» **ABOUT THIS TASK**: Set down all of the data exactly. Pictures stay out of the copy.

» **DATASET EXCERPT**:

┄┄┄┄┄┄┄┄┄┄┄┄┄┄┄┄┄┄┄┄

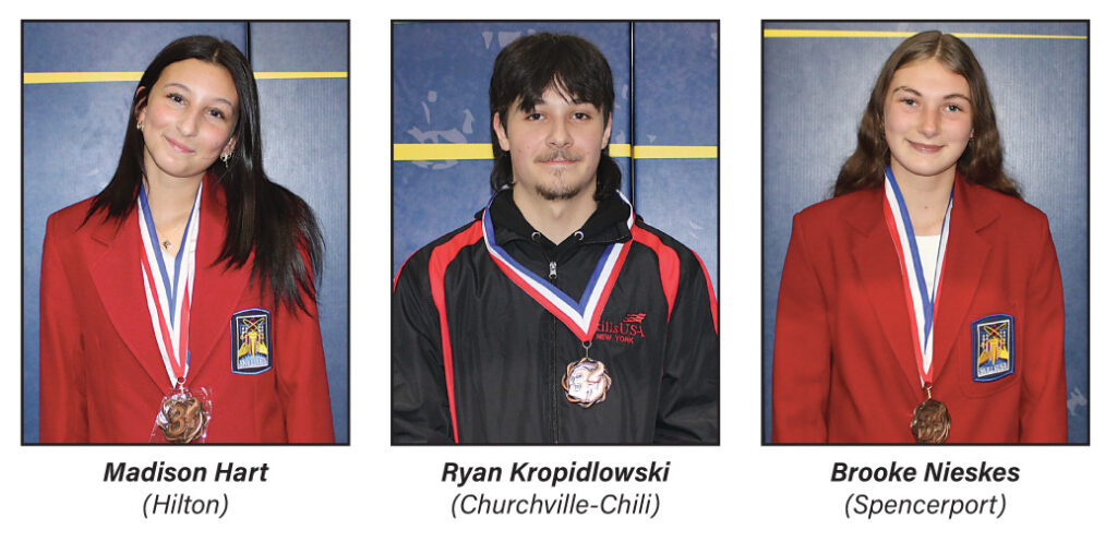 Individual third-place finishes were earned by three BOCES 2 CTE students: Nurse Assisting and Associated Health Careers student Madison Hart (Hilton) in Prepared Speech, Residential and Commercial Electrical student Ryan Kropidlowski (Churchville-Chili) in Electrical Construction Wiring, and Medical Laboratory Assisting and Phlebotomy student Brooke Nieskes (Spencerport) in Action Skills Basic.
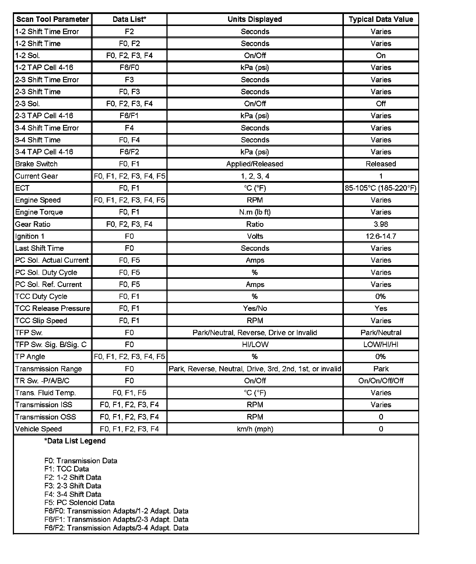 Only the parameters listed below are used in this manual for diagnosing. If a scan tool displays other parameters, the values are not recommended by General Motors for use in diagnosis.
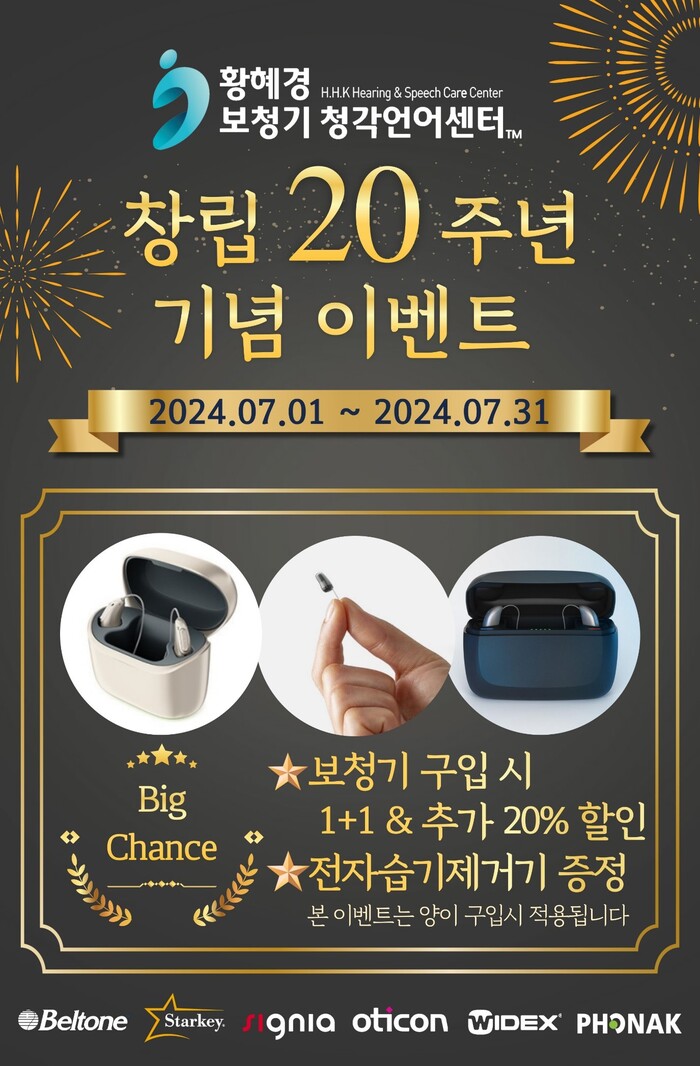 황혜경보청기 청각언어센터 관계자는 “이번 이벤트는 창립 20주년을 맞이해 특별하게 준비”했다 며 “최신식 보청기를 합리적으로 구입할 수 있는 혜택을 통해 많은 분들이 적합한 보청기를 찾아 만족스럽게 사용하기를 바란다”고 전했다.
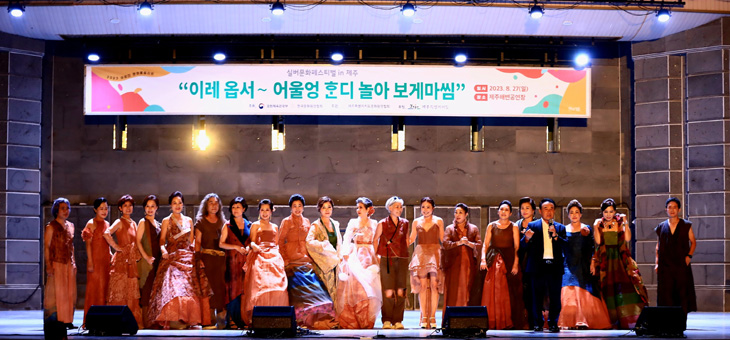 제주문화원연합회는 무더위가 한풀 꺾인 지난 27일 제주시 탑동해변공연장에서 문화로 청춘 2023년 실버문화페스티벌 '이레 옵써~ 어울엉 한디 놀아보게 마씸'이란 야심찬 제주어 주제로 행사를 진행했다.

┄┄┄┄┄┄┄┄┄┄┄┄┄┄┄┄┄┄┄┄

» **TASK OUTPUT**:
 Individual third-place finishes were earned by three BOCES 2 CTE students: Nurse Assisting and Associated Health Careers student Madison Hart (Hilton) in Prepared Speech, Residential and Commercial Electrical student Ryan Kropidlowski (Churchville-Chili) in Electrical Construction Wiring, and Medical Laboratory Assisting and Phlebotomy student Brooke Nieskes (Spencerport) in Action Skills Basic.
 Only the parameters listed below are used in this manual for diagnosing. If a scan tool displays other parameters, the values are not recommended by General Motors for use in diagnosis.
 황혜경보청기 청각언어센터 관계자는 “이번 이벤트는 창립 20주년을 맞이해 특별하게 준비”했다 며 “최신식 보청기를 합리적으로 구입할 수 있는 혜택을 통해 많은 분들이 적합한 보청기를 찾아 만족스럽게 사용하기를 바란다”고 전했다.
 제주문화원연합회는 무더위가 한풀 꺾인 지난 27일 제주시 탑동해변공연장에서 문화로 청춘 2023년 실버문화페스티벌 '이레 옵써~ 어울엉 한디 놀아보게 마씸'이란 야심찬 제주어 주제로 행사를 진행했다.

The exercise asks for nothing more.